**Exercise brief**
Among the entries below, find the line with "Depicts the road" and the line with "Hydrolyzed Collagen Peptides". Return exactly those lines and every line between them, but no pictures.

Provided information below:

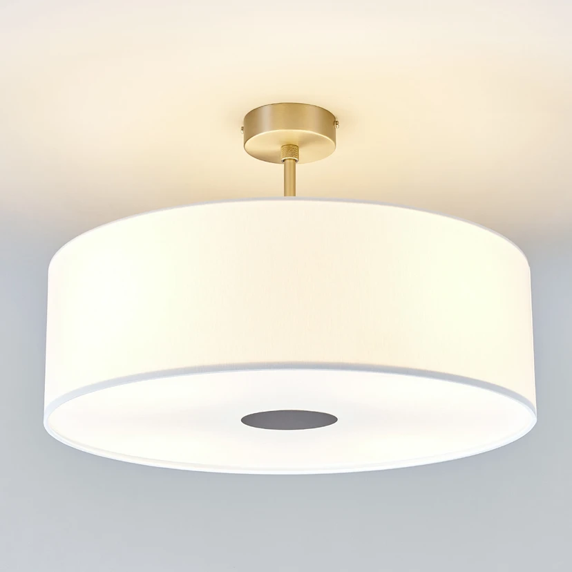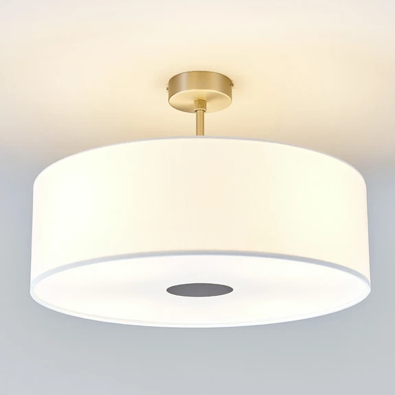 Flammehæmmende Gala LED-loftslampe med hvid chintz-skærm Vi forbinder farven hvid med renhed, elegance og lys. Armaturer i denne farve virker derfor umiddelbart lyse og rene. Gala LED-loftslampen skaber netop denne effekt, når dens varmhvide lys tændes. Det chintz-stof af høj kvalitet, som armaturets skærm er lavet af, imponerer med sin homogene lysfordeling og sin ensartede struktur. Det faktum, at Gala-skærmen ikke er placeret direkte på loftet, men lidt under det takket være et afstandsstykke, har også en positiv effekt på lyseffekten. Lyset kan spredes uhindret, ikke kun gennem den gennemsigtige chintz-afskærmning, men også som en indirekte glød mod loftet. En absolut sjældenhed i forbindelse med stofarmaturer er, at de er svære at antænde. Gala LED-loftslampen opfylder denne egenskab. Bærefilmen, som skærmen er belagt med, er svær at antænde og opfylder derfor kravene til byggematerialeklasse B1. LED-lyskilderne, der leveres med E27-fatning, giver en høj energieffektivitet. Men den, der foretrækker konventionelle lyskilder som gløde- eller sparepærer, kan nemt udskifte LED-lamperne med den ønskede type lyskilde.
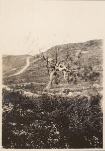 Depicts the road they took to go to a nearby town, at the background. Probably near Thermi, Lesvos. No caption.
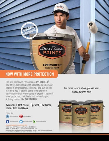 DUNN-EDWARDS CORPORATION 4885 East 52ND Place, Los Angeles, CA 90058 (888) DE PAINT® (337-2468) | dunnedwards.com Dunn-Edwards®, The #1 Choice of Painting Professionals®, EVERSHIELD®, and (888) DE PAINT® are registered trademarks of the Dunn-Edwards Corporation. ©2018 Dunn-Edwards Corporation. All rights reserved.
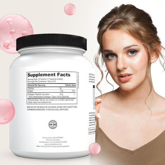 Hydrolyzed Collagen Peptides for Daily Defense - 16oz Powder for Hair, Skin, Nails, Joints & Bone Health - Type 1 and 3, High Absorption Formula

End of Provided information.
Provided information below:

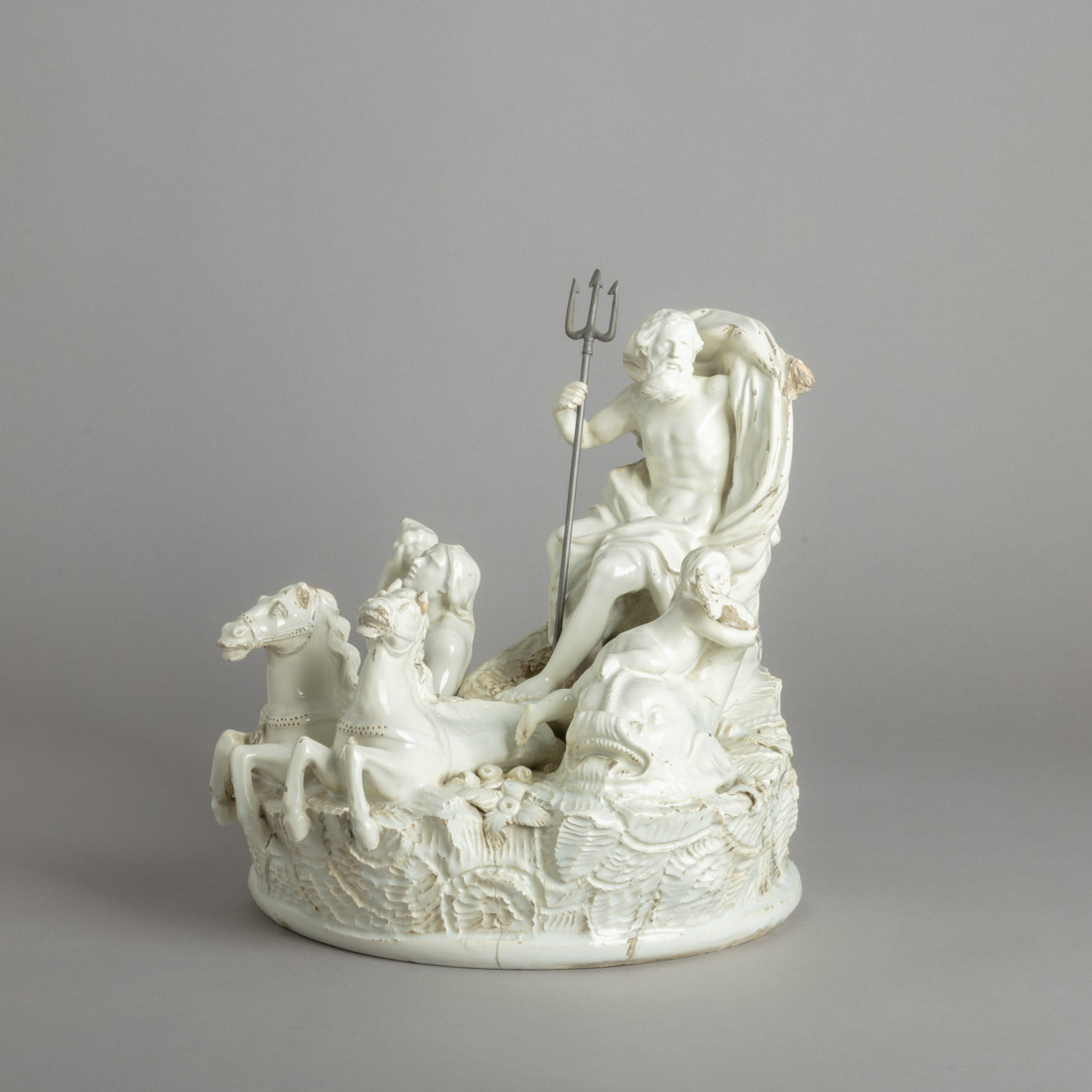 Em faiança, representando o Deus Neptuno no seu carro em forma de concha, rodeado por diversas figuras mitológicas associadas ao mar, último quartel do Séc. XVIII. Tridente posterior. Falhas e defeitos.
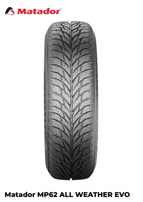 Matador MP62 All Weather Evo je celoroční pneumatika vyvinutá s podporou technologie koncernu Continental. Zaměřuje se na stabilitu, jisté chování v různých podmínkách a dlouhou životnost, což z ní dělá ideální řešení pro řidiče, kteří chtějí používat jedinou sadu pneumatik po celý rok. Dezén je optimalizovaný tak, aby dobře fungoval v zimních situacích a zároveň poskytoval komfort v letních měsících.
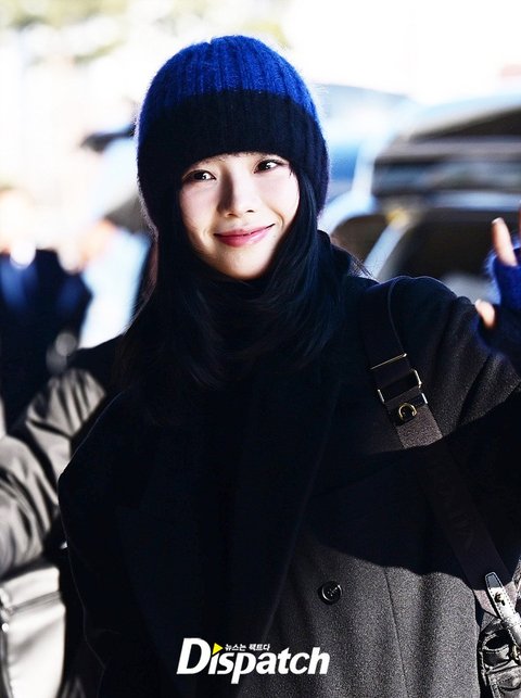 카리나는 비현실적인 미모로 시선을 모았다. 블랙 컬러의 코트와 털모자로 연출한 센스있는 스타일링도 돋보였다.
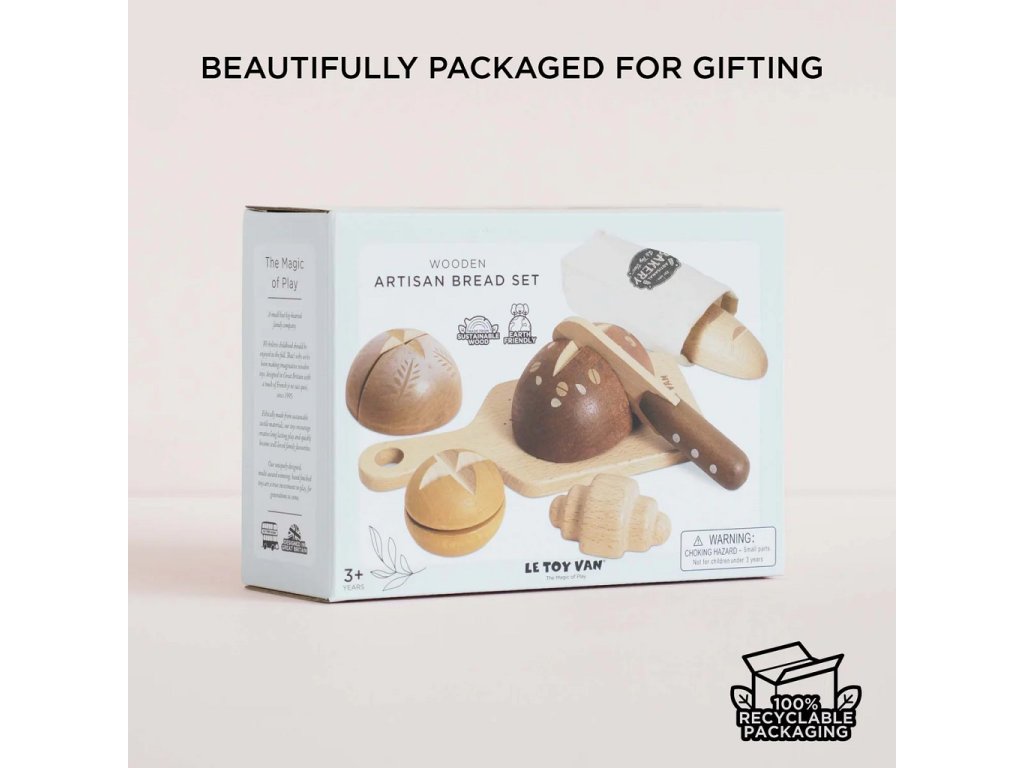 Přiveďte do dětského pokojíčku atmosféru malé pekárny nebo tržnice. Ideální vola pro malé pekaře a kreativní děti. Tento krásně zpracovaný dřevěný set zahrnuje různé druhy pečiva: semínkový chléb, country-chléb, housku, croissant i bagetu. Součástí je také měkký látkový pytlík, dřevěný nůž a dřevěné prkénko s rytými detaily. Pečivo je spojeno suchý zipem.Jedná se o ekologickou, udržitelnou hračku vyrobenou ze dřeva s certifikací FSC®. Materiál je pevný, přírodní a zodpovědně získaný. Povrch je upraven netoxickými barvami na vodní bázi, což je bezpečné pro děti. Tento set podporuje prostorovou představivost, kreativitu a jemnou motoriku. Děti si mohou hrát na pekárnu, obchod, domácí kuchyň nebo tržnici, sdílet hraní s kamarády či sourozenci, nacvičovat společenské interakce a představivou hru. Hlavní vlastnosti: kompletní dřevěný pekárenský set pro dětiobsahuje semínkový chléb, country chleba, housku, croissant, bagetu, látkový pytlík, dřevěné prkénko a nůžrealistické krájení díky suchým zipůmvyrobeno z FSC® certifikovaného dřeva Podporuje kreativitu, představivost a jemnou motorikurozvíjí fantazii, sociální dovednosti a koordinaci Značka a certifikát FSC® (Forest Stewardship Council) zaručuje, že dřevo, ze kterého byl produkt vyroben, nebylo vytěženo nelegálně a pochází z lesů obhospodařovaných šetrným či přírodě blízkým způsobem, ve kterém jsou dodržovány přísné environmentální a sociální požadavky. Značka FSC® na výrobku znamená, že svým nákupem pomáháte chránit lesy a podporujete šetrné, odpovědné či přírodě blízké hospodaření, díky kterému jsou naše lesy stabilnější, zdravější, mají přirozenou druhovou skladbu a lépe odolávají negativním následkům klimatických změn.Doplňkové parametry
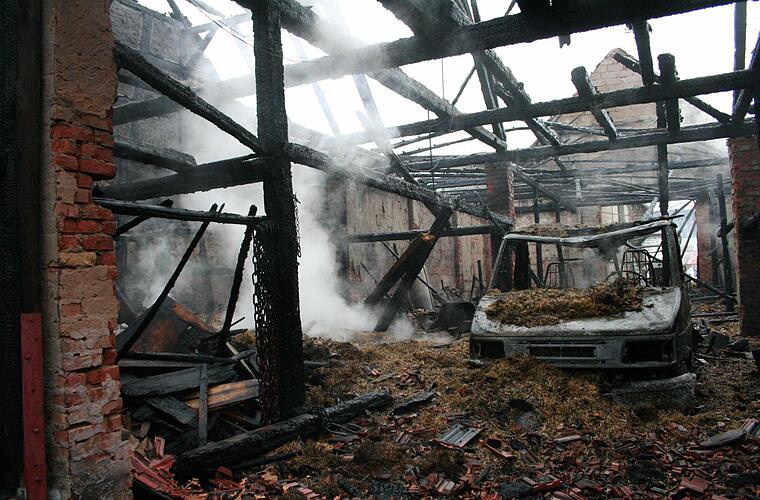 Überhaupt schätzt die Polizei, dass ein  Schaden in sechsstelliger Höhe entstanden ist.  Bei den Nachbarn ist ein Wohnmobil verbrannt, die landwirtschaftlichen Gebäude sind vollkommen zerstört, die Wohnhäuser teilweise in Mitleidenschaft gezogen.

End of Provided information.

**Solution for this exercise**
 Depicts the road they took to go to a nearby town, at the background. Probably near Thermi, Lesvos. No caption.
 DUNN-EDWARDS CORPORATION 4885 East 52ND Place, Los Angeles, CA 90058 (888) DE PAINT® (337-2468) | dunnedwards.com Dunn-Edwards®, The #1 Choice of Painting Professionals®, EVERSHIELD®, and (888) DE PAINT® are registered trademarks of the Dunn-Edwards Corporation. ©2018 Dunn-Edwards Corporation. All rights reserved.
 Hydrolyzed Collagen Peptides for Daily Defense - 16oz Powder for Hair, Skin, Nails, Joints & Bone Health - Type 1 and 3, High Absorption Formula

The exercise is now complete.